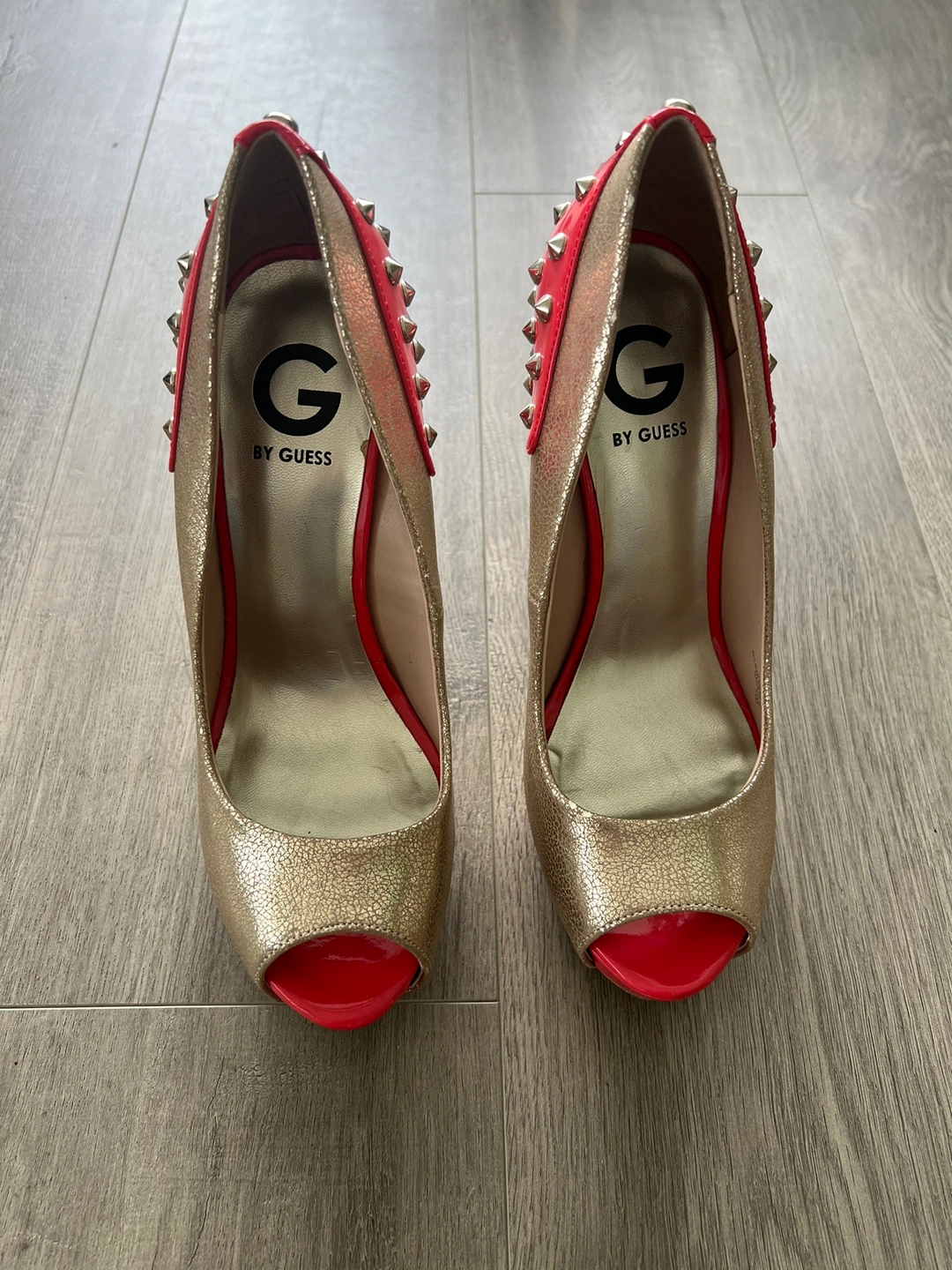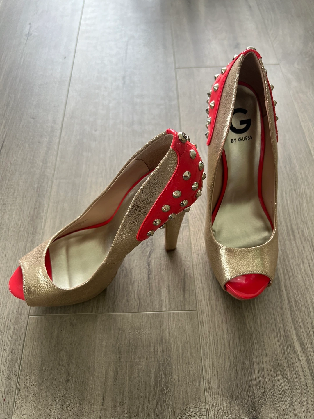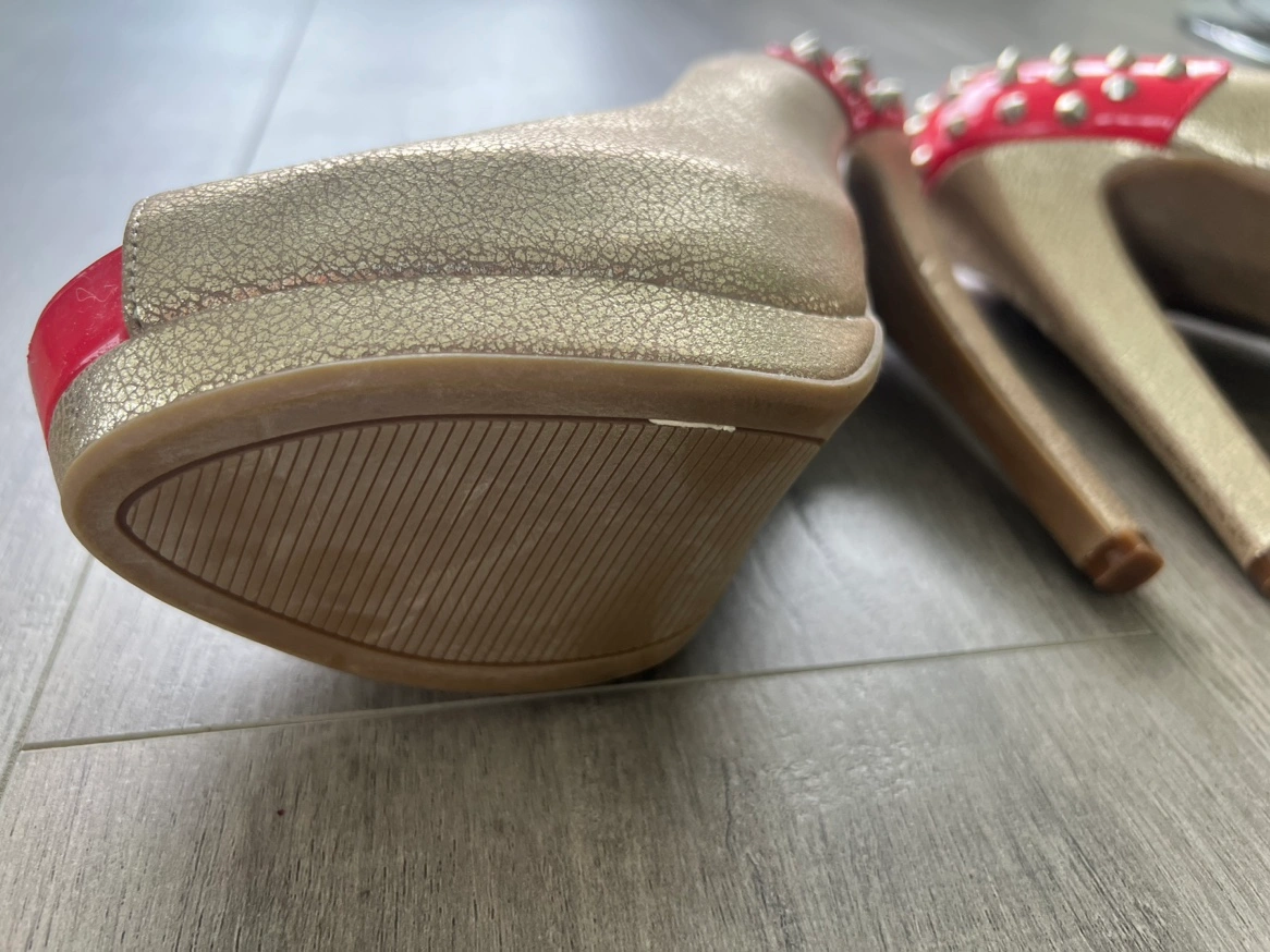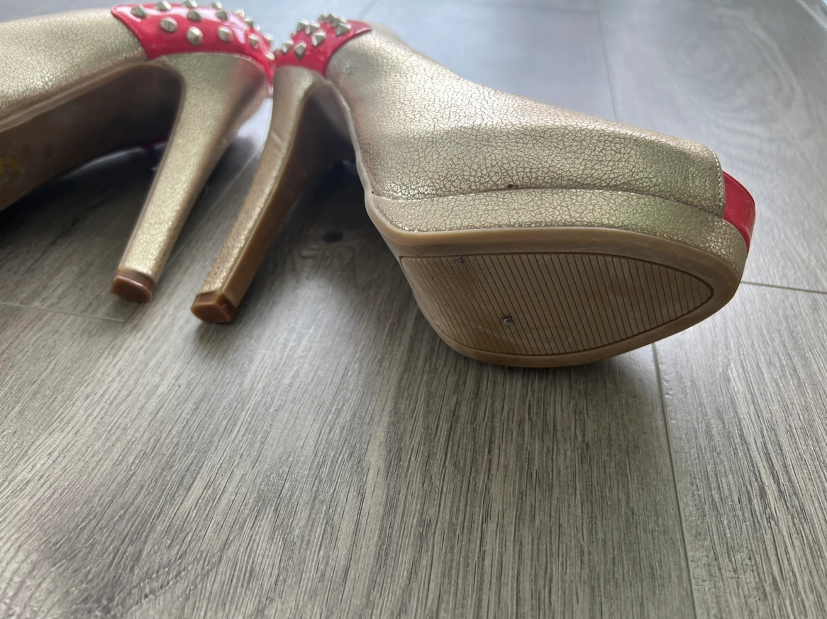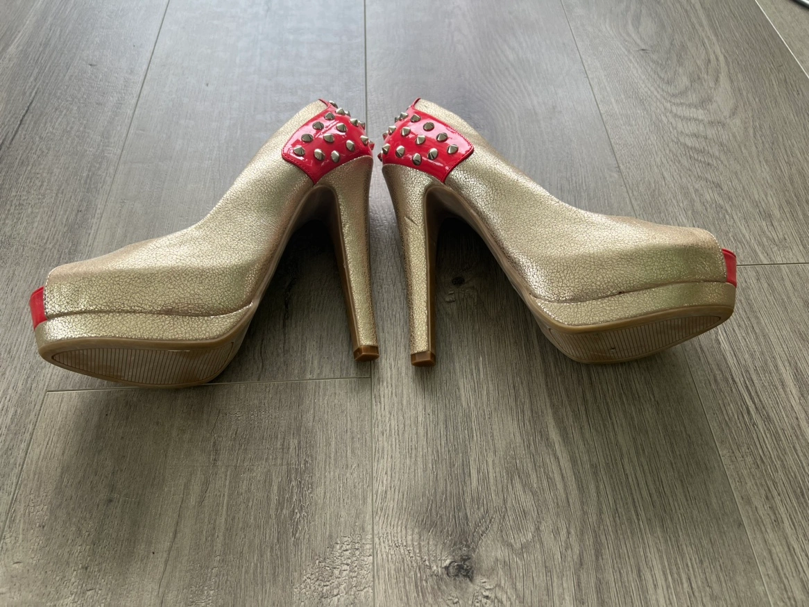 Gold peep toe heels with a red platform and heel. The heels are decorated with silver studs. Size 8.5
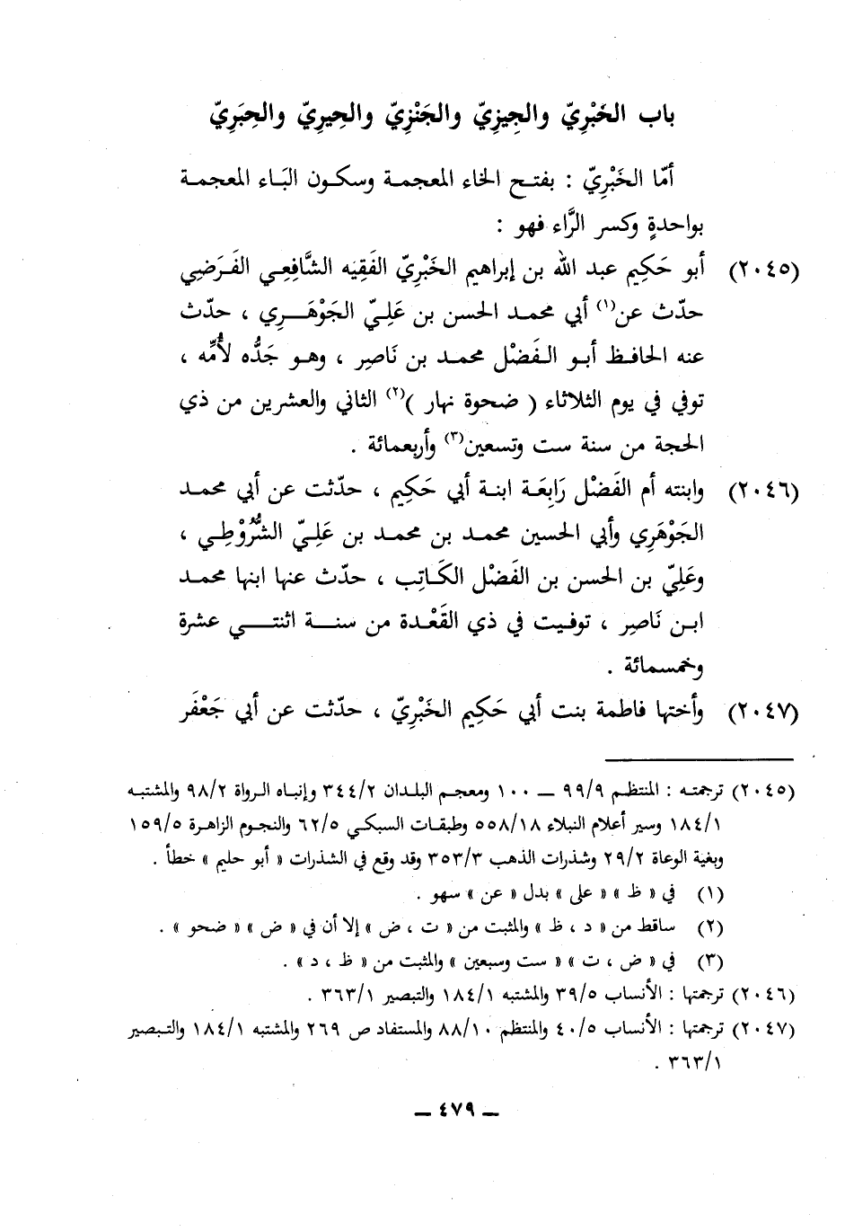 2045 - أَبُو حَكِيم عبد الله بن إِبْرَاهِيم الخبري الْفَقِيه الشَّافِعِي الفرضي حدث عَن أبي مُحَمَّد الْحسن بن عَليّ الْجَوْهَرِي حدث عَنهُ الْحَافِظ أَبُو الْفضل مُحَمَّد بن نَاصِر وَهُوَ جده لأمه توفّي فِي يَوْم الثُّلَاثَاء ضحوة نَهَار الثَّانِي وَالْعِشْرين من ذِي الْحجَّة من سنة سِتّ وَتِسْعين وَأَرْبَعمِائَة
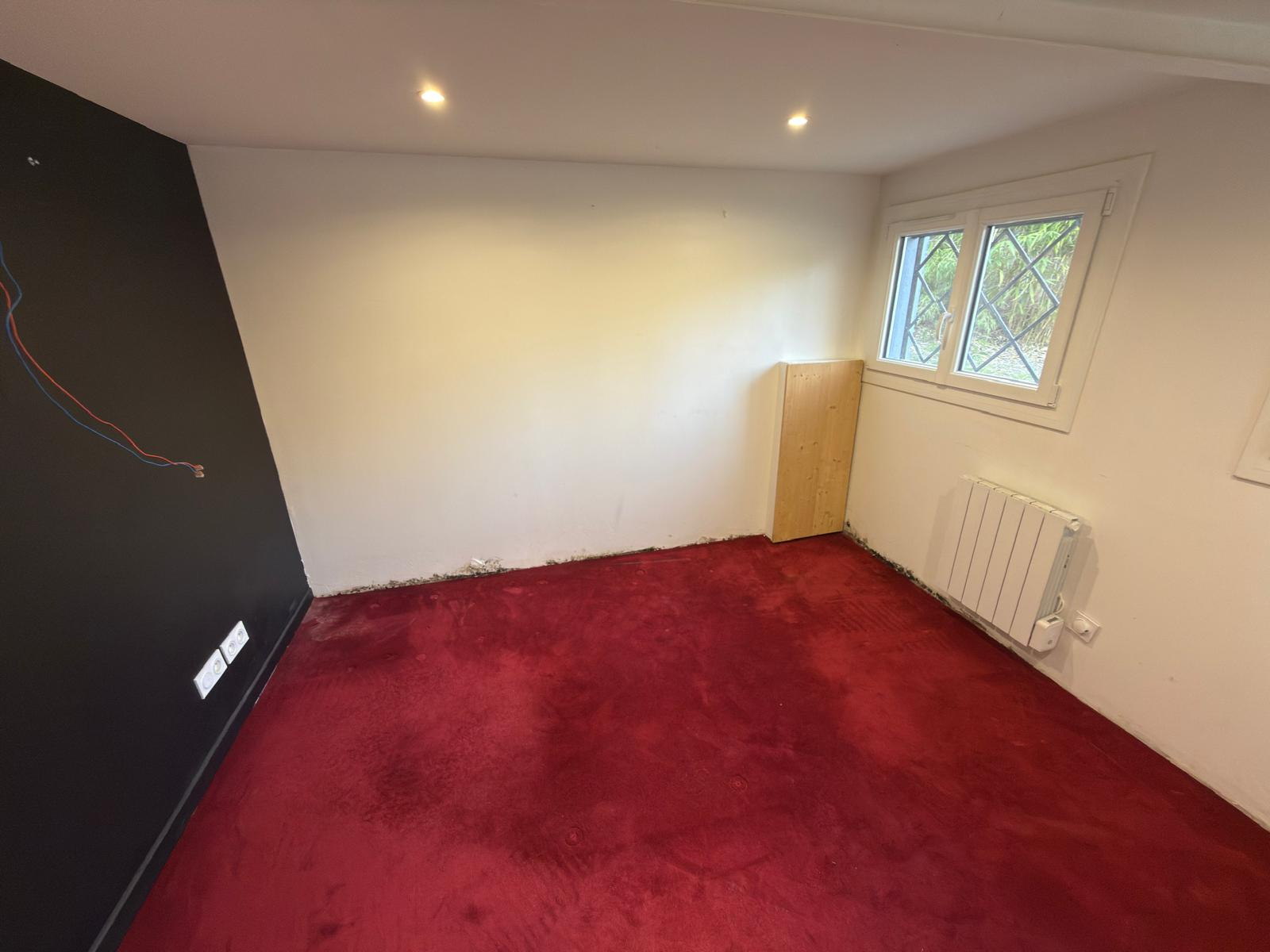 Au rez-de-chaussée : une entrée, un séjour, une cuisine semi-équipée, deux chambres, un bureau, une salle d’eau, WC séparés.
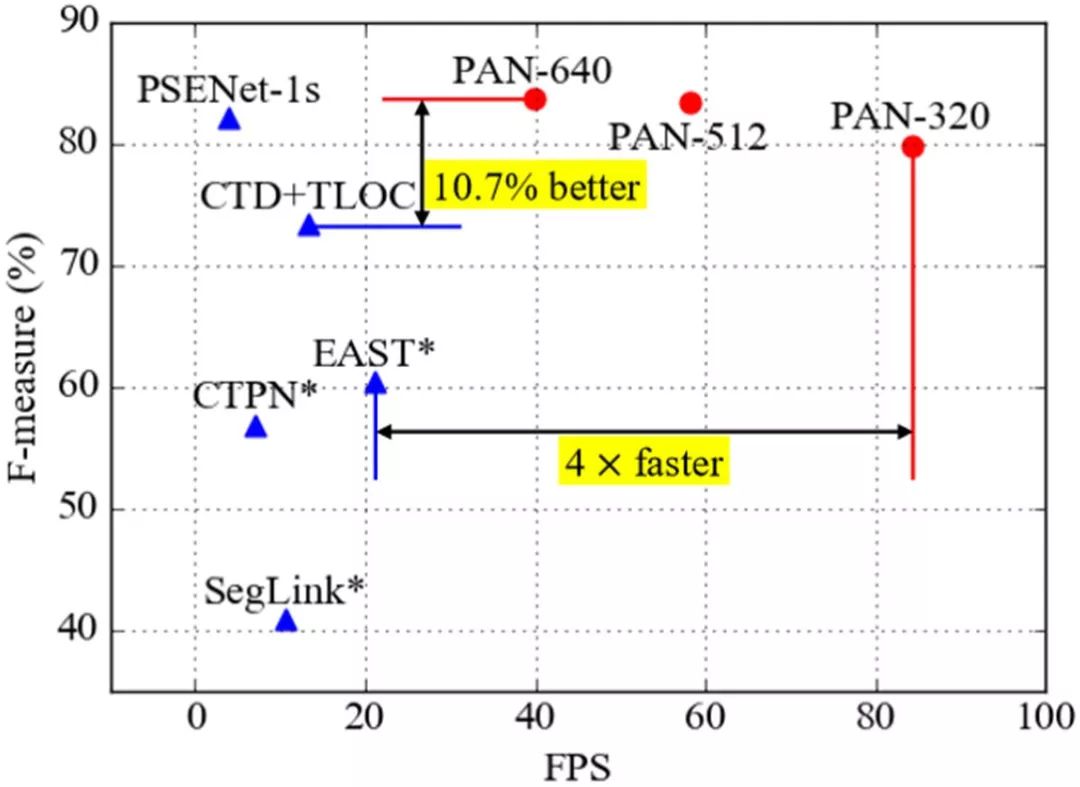 PAN不仅在检测结果上达到了state-of-the-art的效果,而且在速度上比之前的方法都要快很多。
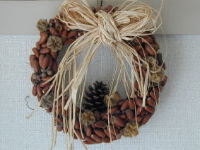 | 公園で拾ったたくさんのどんぐりで。 トップにラフィアをふわっと結んでみました |

**Work instructions**. Please leave out the pictures as you reproduce the lines exactly, from the first line of the entries through the line containing "2045 - أَبُو".

**Exercise answer**.
 Gold peep toe heels with a red platform and heel. The heels are decorated with silver studs. Size 8.5
 2045 - أَبُو حَكِيم عبد الله بن إِبْرَاهِيم الخبري الْفَقِيه الشَّافِعِي الفرضي حدث عَن أبي مُحَمَّد الْحسن بن عَليّ الْجَوْهَرِي حدث عَنهُ الْحَافِظ أَبُو الْفضل مُحَمَّد بن نَاصِر وَهُوَ جده لأمه توفّي فِي يَوْم الثُّلَاثَاء ضحوة نَهَار الثَّانِي وَالْعِشْرين من ذِي الْحجَّة من سنة سِتّ وَتِسْعين وَأَرْبَعمِائَة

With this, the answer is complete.